* [WHAT YOU WILL DO]
Repeat the records below exactly, leaving out every picture.

|---|

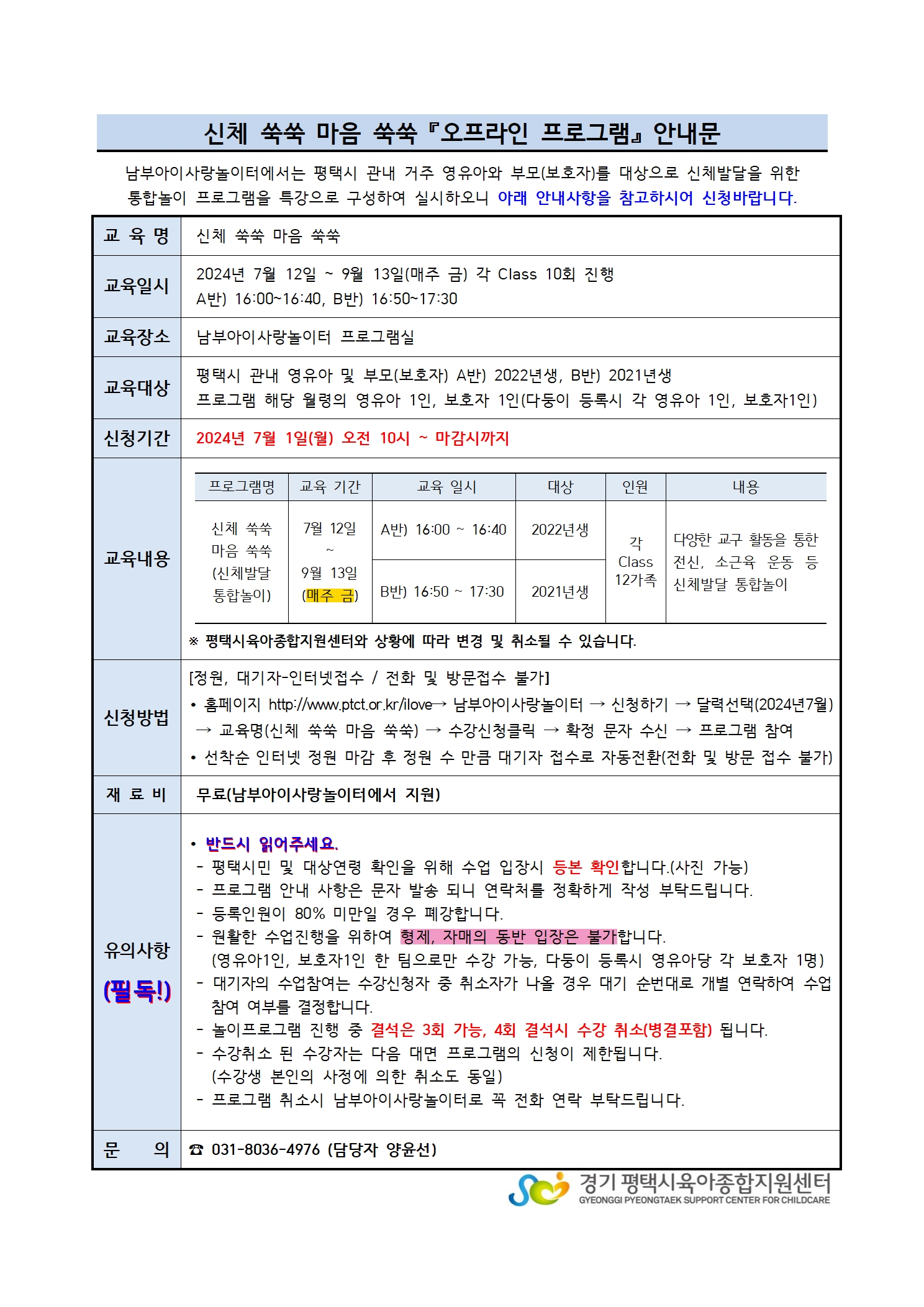 * * 반드시 읽어주세요 * * - 평택시 시민 및 대상연령 확인을 위해 수업 1회차에 3개월 이내 등본 확인합니다.(사진 가능) - 프로그램 안내 사항은 문자 발송 되니 연락처를 정확하게 작성 부탁드립니다. - 등록인원이 80% 미만일 경우 폐강합니다. - 원활한 수업진행을 위하여 형제, 자매의 동반 입장은 불가합니다. (영유아1인, 보호자1인 한 팀으로만 수강 가능, 다둥이 등록시 영유아당 각 보호자 1명) - 대기자의 수업참여는 수강신청자 중 취소자가 나올 경우 대기 순번대로 개별 연락하여 수업 참여 여부를 결정합니다. - 놀이프로그램 진행 중 결석은 3회 가능, 4회 결석시 수강 취소(병결포함) 됩니다. - 수강취소 된 수강자는 다음 대면 프로그램의 신청이 제한됩니다. (수강생 본인의 사정에 의한 취소도 동일) - 프로그램 취소시 남부아이사랑놀이터로 꼭 전화 연락 부탁드립니다.
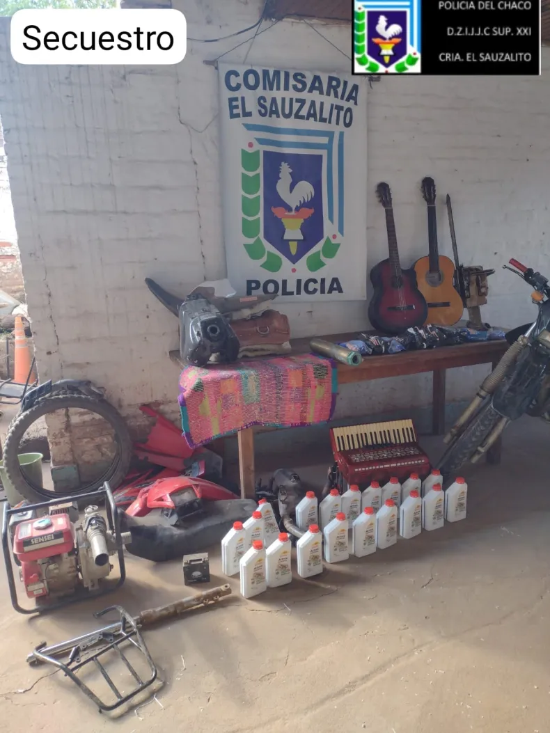 Por otro lado, en tanto en carácter de secuestro impostergable, decomisaron partes de otra moto de grandes cilindradas, dos motos de 110 cc., celulares, dinero en efectivo, 14 armas blancas y otros elementos de los que se investiga la procedencia.
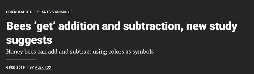 蜜蜂還會簡單的加減法(比如2-1=1),在72%的情況下得到正確答案,和幼兒園小朋友差不多。
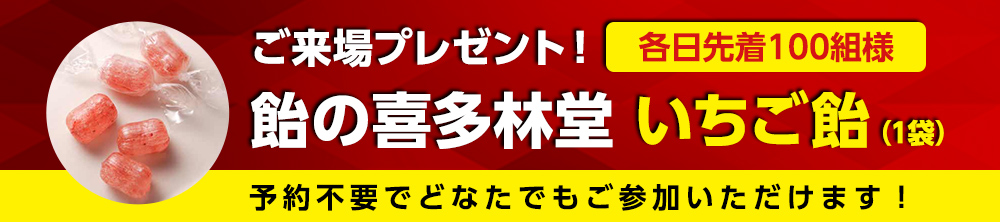 さらに当日は来場特典として、「飴の喜多林堂 いちご飴(1組1袋)」を各日先着100組様にプレゼントいたします。数に限りがございますので、なくなり次第終了とさせていただきます。お求めの方はお早めにご来場ください!
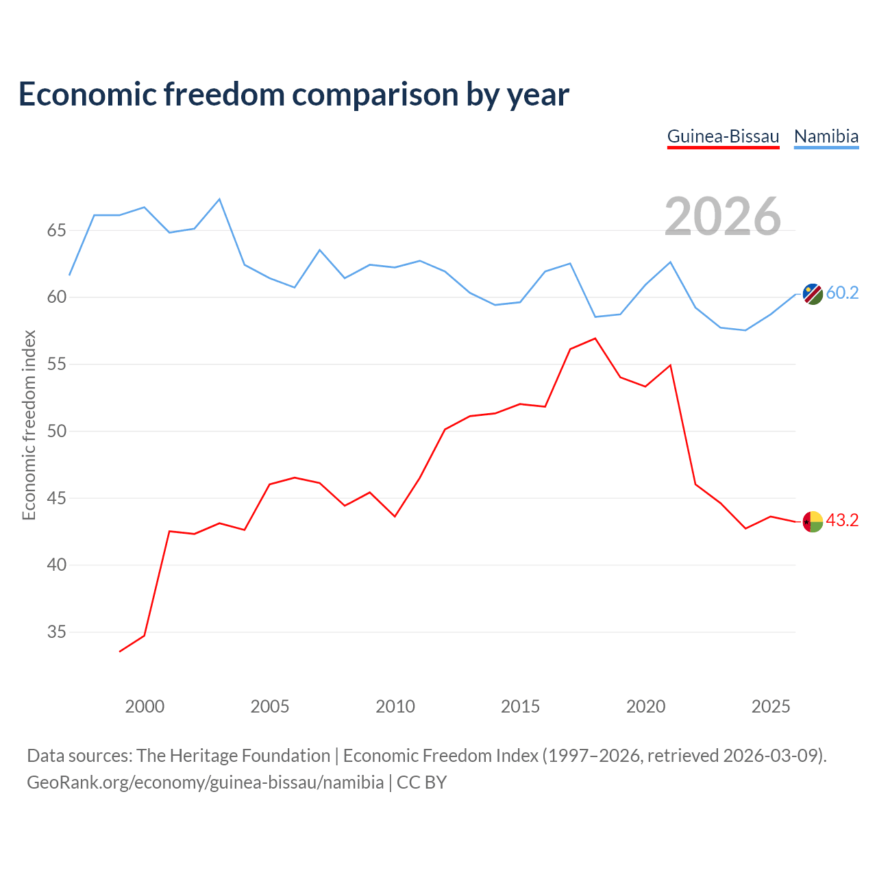The Economic Freedom Index for Guinea-Bissau is 43.2, ranking 181/197, compared to 60.2 for Namibia, ranking 95/197. The chart above displays a comparison of annual changes in economic freedom indexes.

|---|

* [THE COMPLETED TASK]
 * * 반드시 읽어주세요 * * - 평택시 시민 및 대상연령 확인을 위해 수업 1회차에 3개월 이내 등본 확인합니다.(사진 가능) - 프로그램 안내 사항은 문자 발송 되니 연락처를 정확하게 작성 부탁드립니다. - 등록인원이 80% 미만일 경우 폐강합니다. - 원활한 수업진행을 위하여 형제, 자매의 동반 입장은 불가합니다. (영유아1인, 보호자1인 한 팀으로만 수강 가능, 다둥이 등록시 영유아당 각 보호자 1명) - 대기자의 수업참여는 수강신청자 중 취소자가 나올 경우 대기 순번대로 개별 연락하여 수업 참여 여부를 결정합니다. - 놀이프로그램 진행 중 결석은 3회 가능, 4회 결석시 수강 취소(병결포함) 됩니다. - 수강취소 된 수강자는 다음 대면 프로그램의 신청이 제한됩니다. (수강생 본인의 사정에 의한 취소도 동일) - 프로그램 취소시 남부아이사랑놀이터로 꼭 전화 연락 부탁드립니다.
 Por otro lado, en tanto en carácter de secuestro impostergable, decomisaron partes de otra moto de grandes cilindradas, dos motos de 110 cc., celulares, dinero en efectivo, 14 armas blancas y otros elementos de los que se investiga la procedencia.
 蜜蜂還會簡單的加減法(比如2-1=1),在72%的情況下得到正確答案,和幼兒園小朋友差不多。
 さらに当日は来場特典として、「飴の喜多林堂 いちご飴(1組1袋)」を各日先着100組様にプレゼントいたします。数に限りがございますので、なくなり次第終了とさせていただきます。お求めの方はお早めにご来場ください!
The Economic Freedom Index for Guinea-Bissau is 43.2, ranking 181/197, compared to 60.2 for Namibia, ranking 95/197. The chart above displays a comparison of annual changes in economic freedom indexes.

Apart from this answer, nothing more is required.